The Girl With All the Gifts

‘The most heartbreaking, mind-bending thriller of 2014!’ declares my review copy of MR Carey’s blockbuster thriller The Girl with All the Gifts. ‘Just 2014?’ my partner declared with a raised eyebrow upon seeing this glowing recommendation. ‘Not very confident, are they?’

Breathless hype over a book usually makes me disinclined to pick it up, but sometimes I can’t resist its implicit challenge: would this novel break my heart and bend my mind? Would it be the most thrilling thriller of 2014?

The short answers are ‘no’ and ‘probably not’, but they need qualifying; also, it’s only February, so I feel like any kind of ‘the most [insert dramatic adjective here] book of the year’ statements are somewhat premature. Nonetheless, Girl with All the Gifts, which had big word-of-mouth anticipation prior to its Australian release in January, is certainly a gripping riff on a subject that seems to have captured the popular cultural imagination: zombies.

Many of the most successful and effective tales of the undead offer social commentary as well as gore-spattered action: George A Romero’s Dawn of the Dead, John Ajvide Lindqvist’s Handling the Undead, comic-series-turned-TV-show The Walking Dead.
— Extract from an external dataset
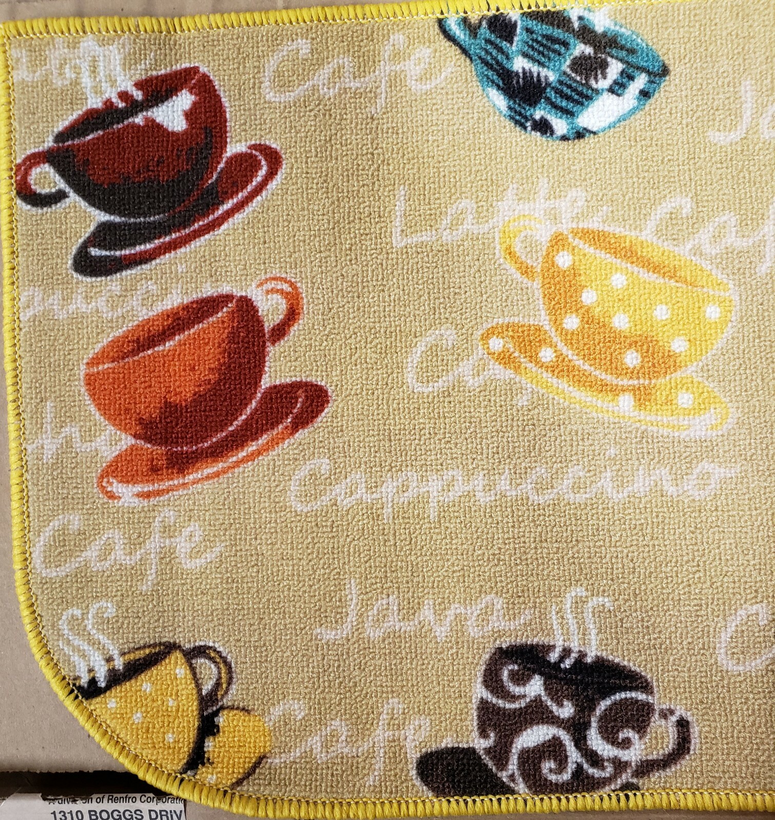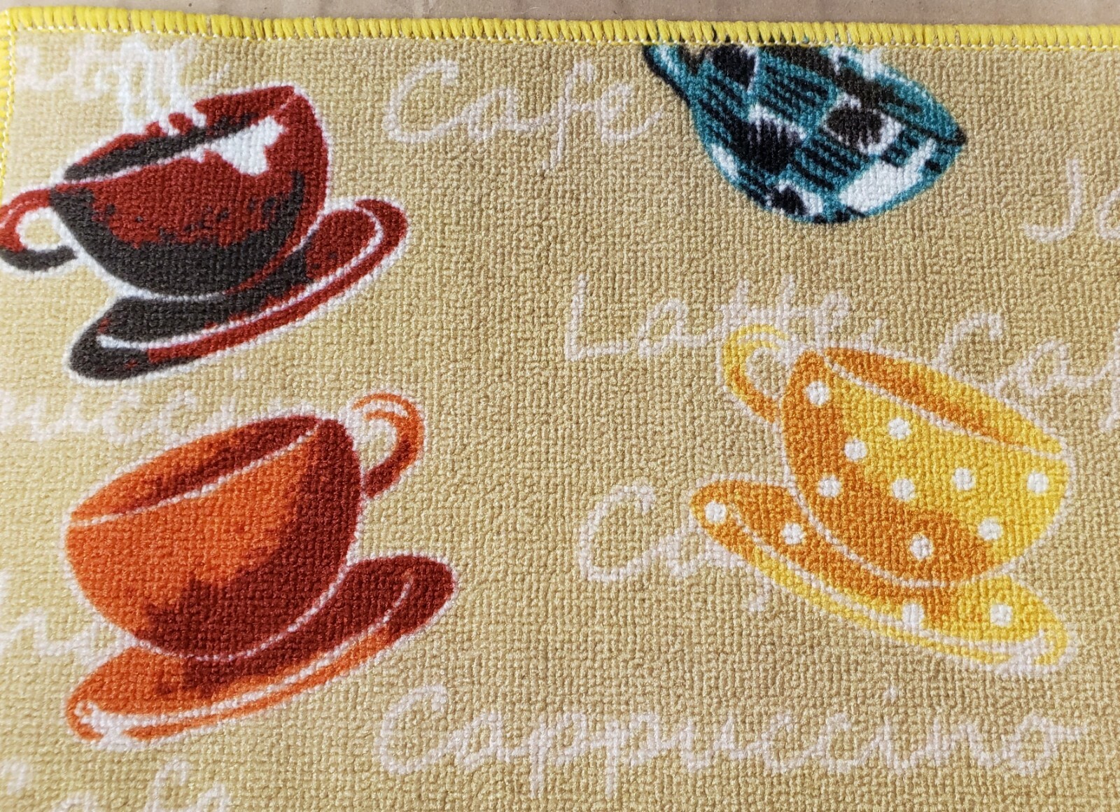 как выглядит PRINTED NYLON KITCHEN RUG nonskid 16"x24" 9 COFFEE CUPS ON YELLOW,D Shape, KE фото

In their representations of civilisation breaking down in the wake of a devastating mass infection, they expose our deepest fears about the collapse of our world as we know it: a collapse made more terrifying by the fact that it’s wrought by creatures that were once human.

There’s certainly a familiar set-up in Girl with All the Gifts, which opens in a military base in the UK shortly after a mystery outbreak has ravaged the globe and turned most of its population into ‘hungries’: people overtaken by the cannibalistic urge to feast on live flesh.

However, in an interesting twist, not all hungries are feral monsters ruled by their appetites. Inside the base lives Melanie, the novel’s highly intelligent protagonist, and about 20 other infected children who are able to function normally so long as they don’t get a tempting whiff of human. Melanie and her friends go to ‘school’ here (chained to their desks to ensure they don’t eat anyone), where they learn about the history and literature of a world that no longer exists. Melanie’s favourite teacher is Helen Justineau, who forms a bond with the little girl and can’t help but view all her charges as regular children, despite their inhuman appetites.

Meanwhile, base scientists are intent on finding a cure for the deadly pathogen by experimenting on the children to discover why they still possess a capacity for reason and emotion. Leading the charge is Caroline Caldwell, whose fascination with Melanie’s intellectual gifts seems destined to end with Melanie on an autopsy table. Justineau is fiercely opposed to Caldwell’s actions, but when the base is attacked, the fight for survival is on.

A few violent scenes notwithstanding, bloodthirsty battles with the walking dead aren’t the point of this novel; at its centre is Melanie’s discovery of her true nature, and the differing ways in which the uninfected base staff reconcile their interactions with her as a normal (albeit supremely intelligent) child and their knowledge of her darker animal instincts.

What propels the book is its remarkably well-drawn characters. This might be a story about zombies, but, of course, it’s really about people: how we respond in times of deep crisis and the sad fact that it isn’t always the real monsters who turn out to be the most monstrous.

Look, I didn’t have my heart broken or my mind bent after reading this book, but I enjoyed it more than I was expecting to, and that’s saying a lot for someone who voluntarily picks up a supernatural thriller about as often as Donna Tartt publishes a new novel. The Girl with All the Gifts is an especially thought-provoking and sensitive rendition of the familiar zombie apocalypse trope: clearly, there’s life in the undead yet.